THE TASK:
In the listing below, start your output at the line with "Женщина в блестящем" and end it after the line with "2017-2018学年第二学期第9周开课课程退课通知", copying every line exactly.

SOURCE DATA:
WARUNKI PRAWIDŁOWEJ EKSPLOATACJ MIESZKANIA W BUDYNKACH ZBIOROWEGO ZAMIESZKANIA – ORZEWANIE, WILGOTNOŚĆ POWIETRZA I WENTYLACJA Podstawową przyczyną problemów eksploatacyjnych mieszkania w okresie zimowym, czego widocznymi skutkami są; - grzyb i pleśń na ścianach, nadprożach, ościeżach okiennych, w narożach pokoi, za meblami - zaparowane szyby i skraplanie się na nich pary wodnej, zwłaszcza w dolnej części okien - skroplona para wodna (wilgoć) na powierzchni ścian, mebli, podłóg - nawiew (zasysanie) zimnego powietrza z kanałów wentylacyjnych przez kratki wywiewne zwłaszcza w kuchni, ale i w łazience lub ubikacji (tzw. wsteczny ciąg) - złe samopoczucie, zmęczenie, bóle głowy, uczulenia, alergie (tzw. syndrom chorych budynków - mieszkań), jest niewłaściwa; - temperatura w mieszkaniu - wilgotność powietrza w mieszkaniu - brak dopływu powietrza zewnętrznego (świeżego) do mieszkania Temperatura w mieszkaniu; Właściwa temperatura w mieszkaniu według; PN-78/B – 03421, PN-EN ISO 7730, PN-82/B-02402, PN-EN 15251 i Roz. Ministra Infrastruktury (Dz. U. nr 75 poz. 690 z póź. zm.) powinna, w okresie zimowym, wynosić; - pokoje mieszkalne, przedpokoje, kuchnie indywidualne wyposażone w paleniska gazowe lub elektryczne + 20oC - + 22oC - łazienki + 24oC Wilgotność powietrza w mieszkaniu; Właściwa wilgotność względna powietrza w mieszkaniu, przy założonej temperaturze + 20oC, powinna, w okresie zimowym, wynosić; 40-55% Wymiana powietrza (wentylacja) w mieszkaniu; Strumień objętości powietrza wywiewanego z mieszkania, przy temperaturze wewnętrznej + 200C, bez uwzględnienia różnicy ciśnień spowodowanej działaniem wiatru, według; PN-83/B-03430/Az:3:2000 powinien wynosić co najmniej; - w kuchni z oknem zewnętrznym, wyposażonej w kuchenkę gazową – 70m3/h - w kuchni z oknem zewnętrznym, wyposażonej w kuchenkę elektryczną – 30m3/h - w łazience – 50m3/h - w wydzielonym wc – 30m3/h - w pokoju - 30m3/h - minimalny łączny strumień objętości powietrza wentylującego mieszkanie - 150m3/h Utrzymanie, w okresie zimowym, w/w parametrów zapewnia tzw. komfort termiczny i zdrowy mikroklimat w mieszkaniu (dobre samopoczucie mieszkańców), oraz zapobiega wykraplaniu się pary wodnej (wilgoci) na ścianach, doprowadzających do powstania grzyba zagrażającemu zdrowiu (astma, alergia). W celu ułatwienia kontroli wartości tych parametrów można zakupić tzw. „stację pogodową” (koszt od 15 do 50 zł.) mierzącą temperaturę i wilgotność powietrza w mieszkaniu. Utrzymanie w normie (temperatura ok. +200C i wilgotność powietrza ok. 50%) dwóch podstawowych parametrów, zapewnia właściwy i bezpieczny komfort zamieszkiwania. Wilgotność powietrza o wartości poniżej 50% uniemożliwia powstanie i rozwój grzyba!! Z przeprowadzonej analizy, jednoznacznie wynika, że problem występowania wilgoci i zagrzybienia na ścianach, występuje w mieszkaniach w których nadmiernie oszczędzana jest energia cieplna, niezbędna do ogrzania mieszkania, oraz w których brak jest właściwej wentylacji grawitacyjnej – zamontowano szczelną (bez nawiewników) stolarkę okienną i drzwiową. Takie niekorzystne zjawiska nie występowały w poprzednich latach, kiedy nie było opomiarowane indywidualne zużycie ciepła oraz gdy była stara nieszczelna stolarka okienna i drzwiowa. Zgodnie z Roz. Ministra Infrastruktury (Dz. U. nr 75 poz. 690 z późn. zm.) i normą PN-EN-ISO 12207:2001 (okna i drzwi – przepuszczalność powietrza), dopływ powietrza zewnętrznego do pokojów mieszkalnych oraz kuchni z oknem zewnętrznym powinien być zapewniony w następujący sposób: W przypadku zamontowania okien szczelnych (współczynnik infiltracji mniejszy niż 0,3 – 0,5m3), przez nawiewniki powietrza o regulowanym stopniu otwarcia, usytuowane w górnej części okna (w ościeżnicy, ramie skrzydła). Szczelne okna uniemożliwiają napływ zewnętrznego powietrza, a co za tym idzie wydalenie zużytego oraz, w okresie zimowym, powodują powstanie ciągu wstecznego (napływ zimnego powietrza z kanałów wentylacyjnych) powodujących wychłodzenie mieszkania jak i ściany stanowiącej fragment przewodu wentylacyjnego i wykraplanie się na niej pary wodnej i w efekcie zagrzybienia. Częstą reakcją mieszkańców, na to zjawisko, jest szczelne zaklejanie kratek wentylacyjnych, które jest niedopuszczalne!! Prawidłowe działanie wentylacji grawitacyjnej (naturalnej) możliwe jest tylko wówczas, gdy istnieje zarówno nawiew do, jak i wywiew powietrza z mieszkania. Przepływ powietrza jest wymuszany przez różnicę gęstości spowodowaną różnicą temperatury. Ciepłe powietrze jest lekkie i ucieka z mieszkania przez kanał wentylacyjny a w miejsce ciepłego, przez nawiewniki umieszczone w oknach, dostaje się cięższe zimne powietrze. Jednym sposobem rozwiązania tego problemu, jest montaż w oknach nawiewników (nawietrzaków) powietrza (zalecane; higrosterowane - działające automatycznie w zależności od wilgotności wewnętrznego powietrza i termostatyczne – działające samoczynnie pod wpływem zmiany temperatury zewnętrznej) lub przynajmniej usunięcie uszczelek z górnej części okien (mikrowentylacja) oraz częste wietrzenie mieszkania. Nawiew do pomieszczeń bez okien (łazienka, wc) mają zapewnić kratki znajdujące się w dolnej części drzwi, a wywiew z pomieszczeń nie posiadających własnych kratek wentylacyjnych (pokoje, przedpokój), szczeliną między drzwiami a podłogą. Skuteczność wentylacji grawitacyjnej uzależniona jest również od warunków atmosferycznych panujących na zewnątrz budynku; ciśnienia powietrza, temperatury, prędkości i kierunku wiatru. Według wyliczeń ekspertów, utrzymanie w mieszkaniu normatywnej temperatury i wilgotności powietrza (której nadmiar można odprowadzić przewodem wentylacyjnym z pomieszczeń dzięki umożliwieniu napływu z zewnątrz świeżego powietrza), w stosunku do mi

--

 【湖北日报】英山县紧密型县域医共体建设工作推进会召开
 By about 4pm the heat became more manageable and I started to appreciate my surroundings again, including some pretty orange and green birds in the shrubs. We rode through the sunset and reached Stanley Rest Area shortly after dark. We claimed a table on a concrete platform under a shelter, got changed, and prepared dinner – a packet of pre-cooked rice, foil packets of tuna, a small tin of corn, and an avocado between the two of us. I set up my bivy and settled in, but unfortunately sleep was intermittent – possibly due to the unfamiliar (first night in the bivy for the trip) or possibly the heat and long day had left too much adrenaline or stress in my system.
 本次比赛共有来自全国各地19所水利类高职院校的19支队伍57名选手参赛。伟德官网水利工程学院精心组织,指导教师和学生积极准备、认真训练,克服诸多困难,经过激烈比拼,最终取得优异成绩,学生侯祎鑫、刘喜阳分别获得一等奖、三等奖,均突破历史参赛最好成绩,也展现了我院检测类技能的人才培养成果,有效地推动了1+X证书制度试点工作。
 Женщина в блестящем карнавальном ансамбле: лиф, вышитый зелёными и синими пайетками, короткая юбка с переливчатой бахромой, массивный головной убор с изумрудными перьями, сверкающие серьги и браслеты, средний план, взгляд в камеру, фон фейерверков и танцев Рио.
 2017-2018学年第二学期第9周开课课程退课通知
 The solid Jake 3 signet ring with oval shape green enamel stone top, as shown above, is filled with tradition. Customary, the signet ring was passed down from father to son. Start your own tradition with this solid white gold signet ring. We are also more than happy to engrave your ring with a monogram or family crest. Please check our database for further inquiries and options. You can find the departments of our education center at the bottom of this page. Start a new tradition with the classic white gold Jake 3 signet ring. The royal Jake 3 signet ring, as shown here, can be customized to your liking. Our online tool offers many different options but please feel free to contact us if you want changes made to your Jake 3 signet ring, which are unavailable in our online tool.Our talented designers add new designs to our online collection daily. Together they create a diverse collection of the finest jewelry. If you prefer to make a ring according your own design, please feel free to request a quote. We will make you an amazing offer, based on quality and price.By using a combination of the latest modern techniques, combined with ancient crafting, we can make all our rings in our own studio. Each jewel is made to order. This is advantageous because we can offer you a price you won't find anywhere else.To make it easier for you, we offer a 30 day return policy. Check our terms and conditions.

RESULT OF THIS EXERCISE:
 Женщина в блестящем карнавальном ансамбле: лиф, вышитый зелёными и синими пайетками, короткая юбка с переливчатой бахромой, массивный головной убор с изумрудными перьями, сверкающие серьги и браслеты, средний план, взгляд в камеру, фон фейерверков и танцев Рио.
 2017-2018学年第二学期第9周开课课程退课通知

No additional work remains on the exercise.